Физрук 2: Назад в СССР (страница 2)

Страница 2

Этим и решил воспользоваться Петров. Он вежливо попросил у меня гитару и, подражая хрипотце Высоцкого, начал пичкать компанию его же творчеством. При этом чисто музыкальная сторона исполнения оставляла желать лучшего, но бодрые рифмованные прибаутки, недавно скончавшегося барда и актера цепляли аудиторию вне зависимости от того, разбиралась ли она в музыке или поэзии: «Вы мне не поверите и просто не поймете, в космосе страшней, чем даже в Дантовом аду, по пространству-времени мы прем на звездолете, как с горы – на собственном заду…»

«От Земли до Беты восемь дён, ну а до планеты Эпсилон не считаем мы, чтоб не сойти с ума…» – драли глотки пацаны, повторяя припев, а исполнитель сиял так, словно это он сочинил сии разухабистые строчки. На этом вечер советской песни следовало считать законченным, потому что уже совсем стемнело, и личному составу пора было отдыхать. Когда возмущенную объявленным отбоем толпу школяров обоего пола удалось разогнать по палаткам, военрук подошел ко мне и предложил дежурить ночью по очереди. Он вызвался сторожить с отбоя до четырех. Следовательно, мне выпадало время с четырех утра до подъема в восемь.

Я не стал спорить. Мои часы «Слава» показывали начало десятого, позволяя мне не только оценить благородство товарища Петрова, но и выспаться. Я сходил к реке, умылся, почистил зубы и отправился в палатку, которую должен был делить с военруком. Серафима Терентьевна тоже ушла к себе, это я хорошо видел. Следовательно, можно было не беспокоиться о том, что оставляю свою девушку наедине с соперником. В лагере угомонились нескоро. Пожалуй, я уснул даже раньше, чем затихли бубнящие голоса.

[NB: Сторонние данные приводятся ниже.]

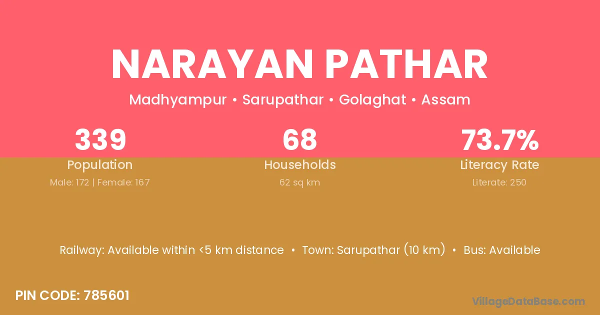 Sarupathar (10 km) is the nearest town to Narayan Pathar village for major economic activities and is located approximately 10 km away.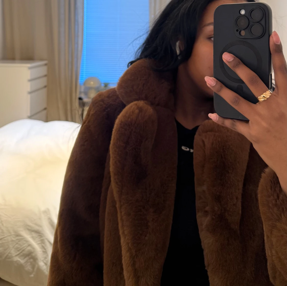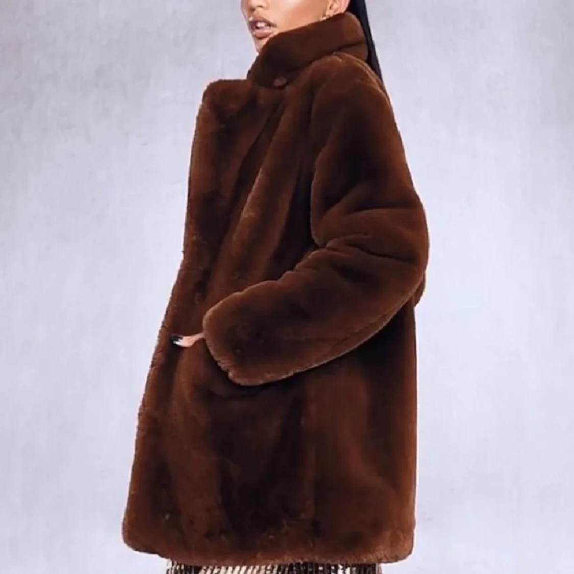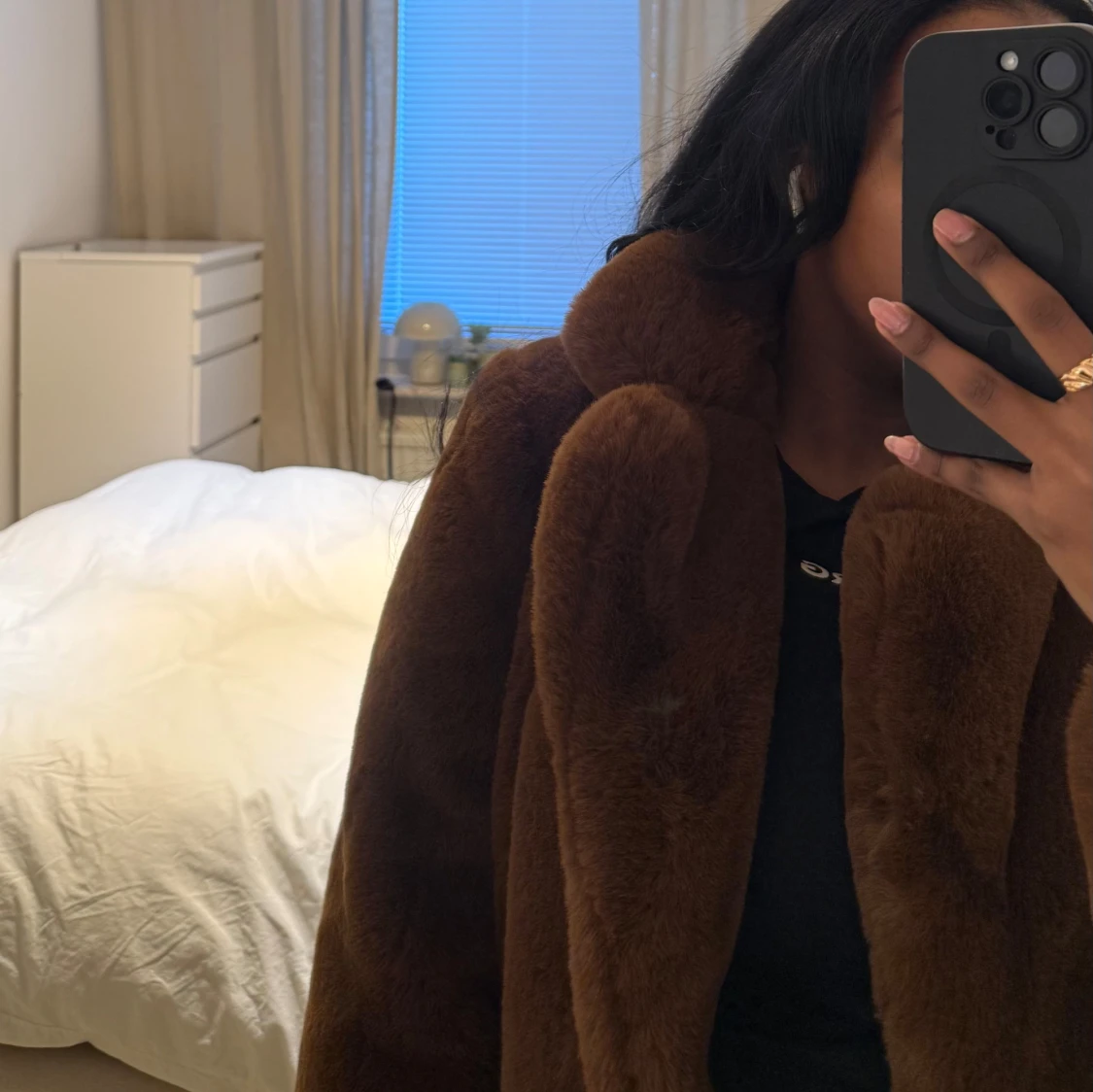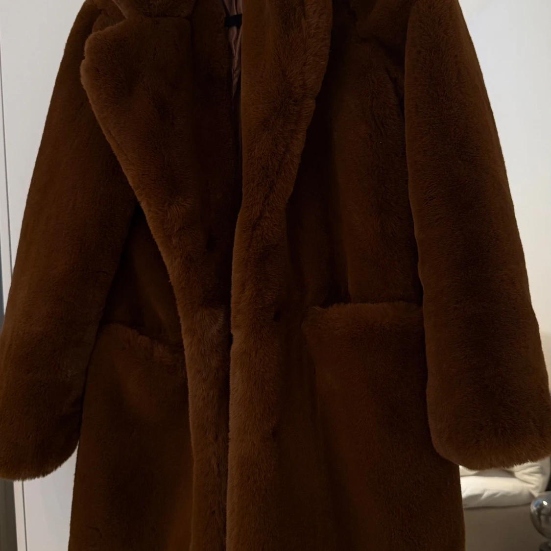 Säljer en lyxig brun pälsjacka med långärmad design. Jackan har en elegant och mjuk finish som ger en exklusiv känsla. Perfekt för att hålla sig varm och stilren under kyliga dagar.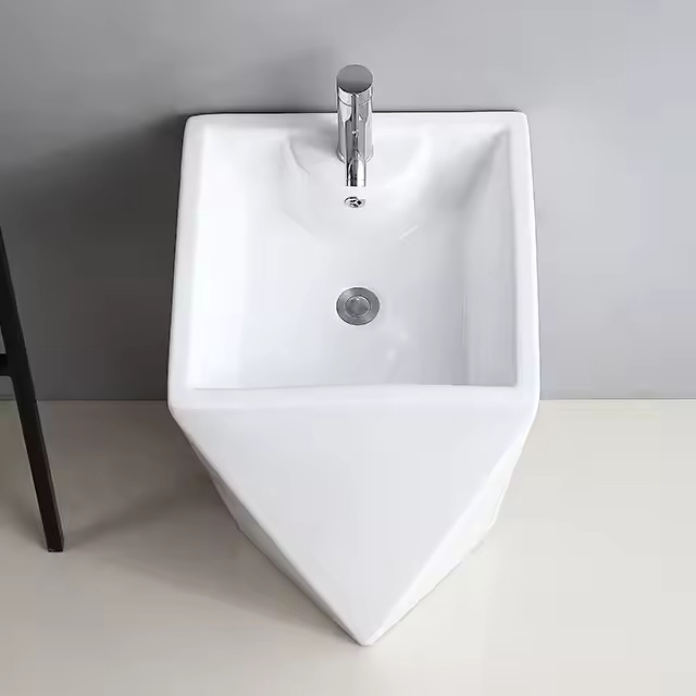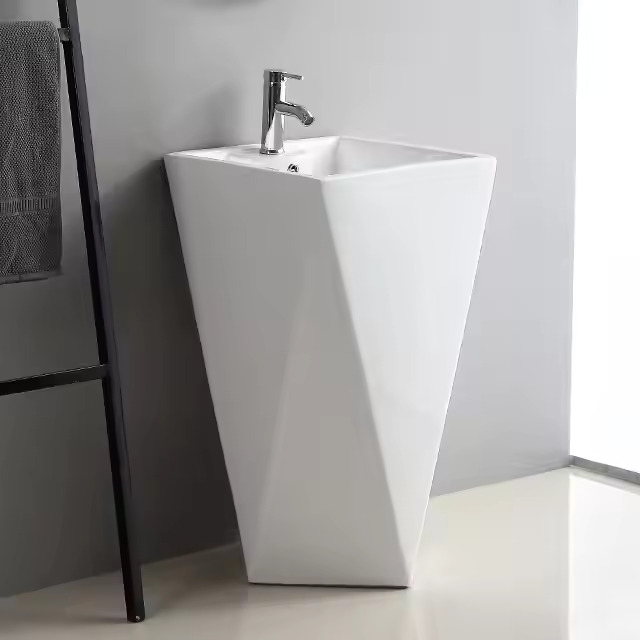 Diamond Floor Mounted Freestanding Bathroom Sink White Artistic Ceramic Pedestal Hand Wash Basin
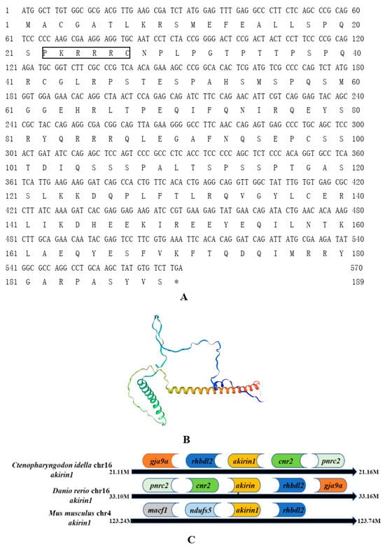(A) The cDNA and deduced amino acids of grass carp akirin1. Box represents NLS motif; the * represents the stop codon. (B) The predicted three-dimensional structure of grass carp akirin1. The model W5KQL2.1.A (Astyanax mexicanus akirin1) was used as the reference model for the predicted spatial structure. (C) Gene synteny and chromosomal location analysis of akirin1. The genes adjacent to akirin1 loci are shown on grass carp and zebrafish chromosome 16 and mouse chromosome 4.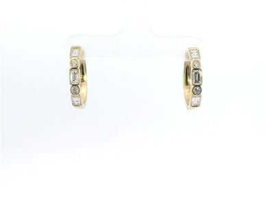 Enhance Your Jewelry Collection With These Exquisite 14K Yellow Gold And Diamond Hoop Earrings, Boasting A Total Diamond Weight Of 0.83 CTW. The Unique Multi-Shaped Bezel Set Design Beautifully Combines Brilliance And Sophistication, Making Them An Ideal Accessory For Any Event. Featuring 0.70 Ct Of Dazzling Diamonds Alongside 0.13 CT Of Intricate Detailing, These Earrings Are Not Only A Bold Statement Piece But Also A Timeless Addition To Your Wardrobe. Treat Yourself To Luxury And Allow These Stunning Hoops To Elevate Your Style With Ease.
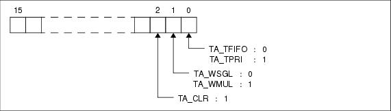 TA_CLR: 要求条件が満足した際,ビット・パターンをクリア(0x0の設定)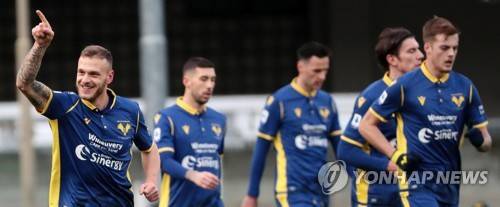 epa08930285 Hellas Verona's Federico Dimarco (L) jubilates after scoring the 2-0 lead during the Italian Serie A soccer match Hellas Verona vs F.C. Crotone at Marcantonio Bentegodi stadium in Verona, Italy, 10 January 2021. EPA/EMANUELE PENNACCHIO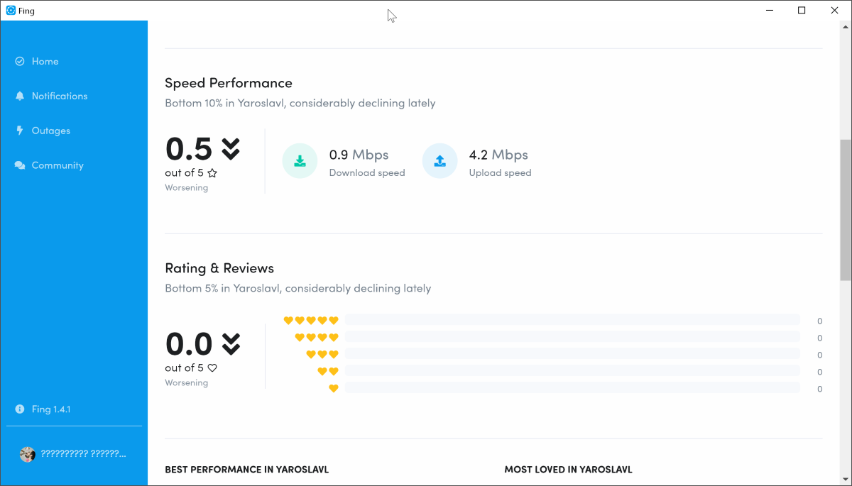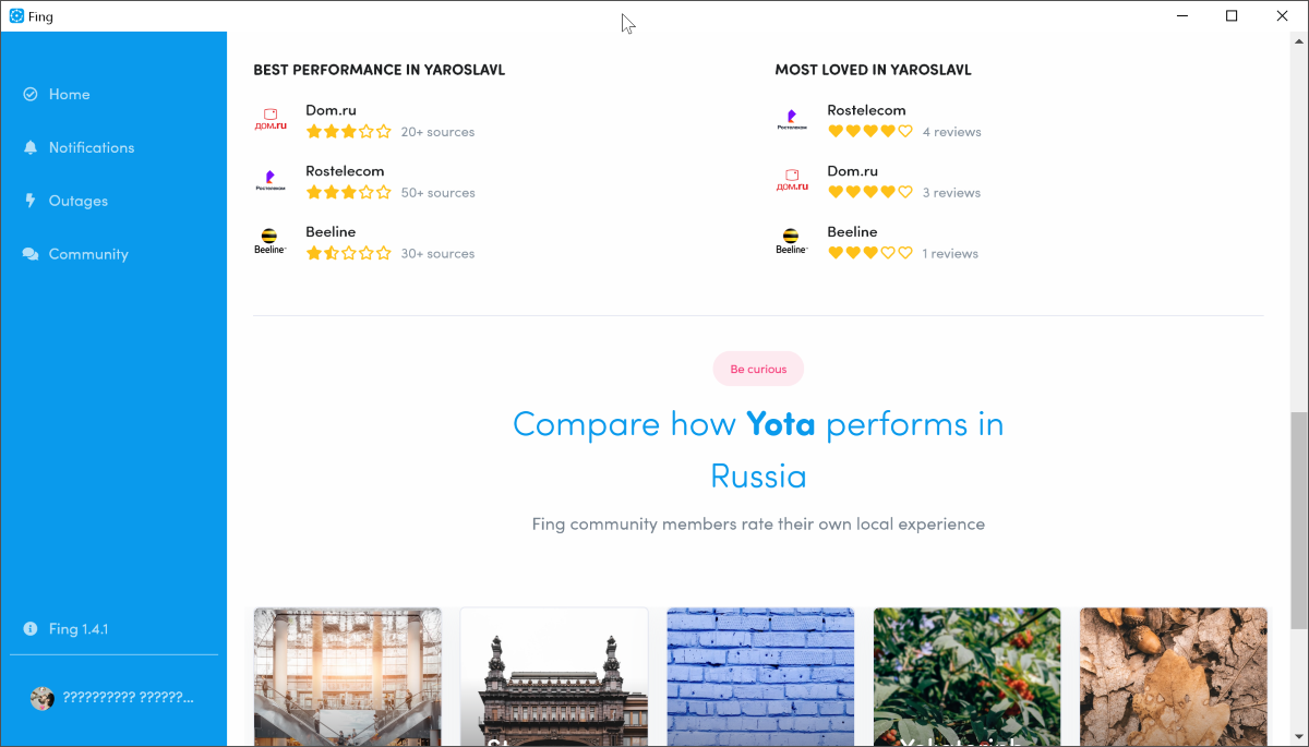 Сравнение с другими провайдерами работает не так хорошо. Хотя это и зависит от числа пользователей Fing в вашем конкретном городе.

А проснулся от того, что кто-то разговаривал. Негромко, но в ночной тишине я отчетливо слышал каждое слово. Напрасно я рассчитывал на то, что эфемерные брезентовые стенки отгородят мою избранницу от назойливого ухажера. В первое мгновение хотелось выскочить и разобраться, но разговор шел обо мне, и я решил сначала дослушать, что о моей скромной персоне думают коллеги и уж потом вмешаться. Вот ведь как бывает! Ты живешь с иллюзией, что твое представление об окружающих тебя людях соответствует действительности, а потом однажды просыпаешься и иллюзии развеиваются.

– По-моему, он неплохой парень, – пробубнил Григорий Емельянович. – Да, однажды он мне врезал, а потом просто увернулся, и я приложился к забору мордой… То есть – лицом. У него действительно неплохая подготовка, причем – не только по самбо… Знаешь, у меня такое странное ощущение, что он не так прост, как кажется.

– В каком смысле? – удивилась Серафима Терентьевна.

– Такое ощущение, что он служил то ли в армии, то ли в милиции, но в личном деле об этом – ни слова.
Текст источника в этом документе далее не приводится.